Family stress builds throughout mining communities
For staff, the affect is now not summary.
“The diamond downturn is now not only a enterprise situation. It’s a human situation affecting staff, households, contractors and whole mining communities,” stated Mbiganyi Gaekgotswe, Basic Secretary of the Botswana Mineworkers Union.
He stated uncertainty now defines on a regular basis life.
“The primary query on everybody’s thoughts is whether or not they may nonetheless have a job subsequent yr,” he stated. “Will contracts be renewed? Will additional time be lowered? These are usually not summary considerations.
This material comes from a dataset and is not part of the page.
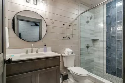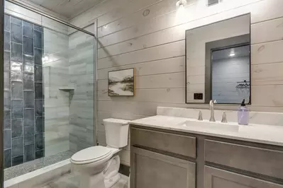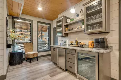 The mid-level of the lodge features a fully equipped kitchen, two dining room tables, granite countertops, and bar seating. This level boasts an open floor plan with the kitchen, dining room, and living room all together. The living room has lots of comfortable seating and wraps around a tall stacked stone fireplace. There's also a large TV on the mantle, and another laundry room and a half bathroom. There are four bedrooms on this level, each with a king bed and its own private bathroom. Additionally, there is a large covered porch with plenty of seating and a charcoal grill.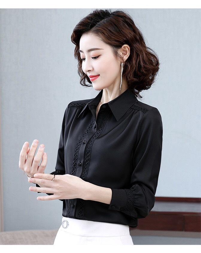 Áo Sơ Mi Phi Lụa Thanh Lịch Cổ Tim Viền Ren - Kiểu dáng: áo sơ mi công sở cổ tim thanh lịch, viền ren sang trọng, tay dài, viền ren bo tay cài nút

They have an effect on college charges, loans, medical payments and household duties.”
Even the place jobs stay, stress is rising as wages stagnate whereas meals and transport prices enhance.
Past diamonds: trying to find new progress
Restructuring has already filtered by way of contractors and repair suppliers, with extra staff shifted onto short-term agreements, stated Dominic Obusitse Mapoka, Chairperson of the Botswana Diamond Employees Union.
“Employees who stay employed are more and more on short-term or non permanent contracts,” he instructed Al Jazeera. “This makes it troublesome for households to plan as a result of they have no idea whether or not contracts will probably be renewed.”
He stated many earn between $190-250 a month, whereas the price of residing continues to extend, with knock-on results for small companies tied to mining exercise.
Since independence in 1966, Botswana’s diamond wealth has remodeled what was as soon as among the many world’s poorest international locations right into a middle-income economic system, financing infrastructure, public providers and sustained progress.
However that success has additionally left it closely uncovered to world shocks. The sector is now underneath stress from weak demand, competitors from lab-grown diamonds and lowered luxurious spending in key markets, based on S&P World Rankings.
The downturn exposes the dangers of financial focus, stated Levy Ndou, a political scientist at Tshwane College of Expertise.
“When residents rely closely on one sector, a fall in world demand turns into very damaging.”
He referred to as for sooner diversification into agriculture and beef manufacturing, alongside stronger regional commerce hyperlinks.
Botswana’s Minister of Labour and Residence Affairs, Pius Mokgware, stated the federal government is responding by making an attempt to soak up job losses, together with increasing copper mining and opening new tasks. He added that diversification efforts are additionally focusing on agriculture, tourism and Info and Communication Expertise.
Minister of Minerals and Power, Bogolo Pleasure Kenewendo, didn’t reply to repeated requests for remark.
Tshepo Modibedi, President of the Small Scale Miners Affiliation of Botswana, stated smaller operators stay largely excluded from the diamond worth chain, which is dominated by giant corporations.
Whereas indirectly concerned in diamonds, the downturn nonetheless spreads by way of households nationwide, he stated.
“Lab-grown diamonds and strict laws are challenges,” he instructed Al Jazeera. “However they is also alternatives, if coverage turns into extra inclusive.”
For Rakhudu, nonetheless, structural shifts within the world diamond market stay distant from every day survival.
“I’m nonetheless trying,” he stated. “I simply need one other likelihood to work.”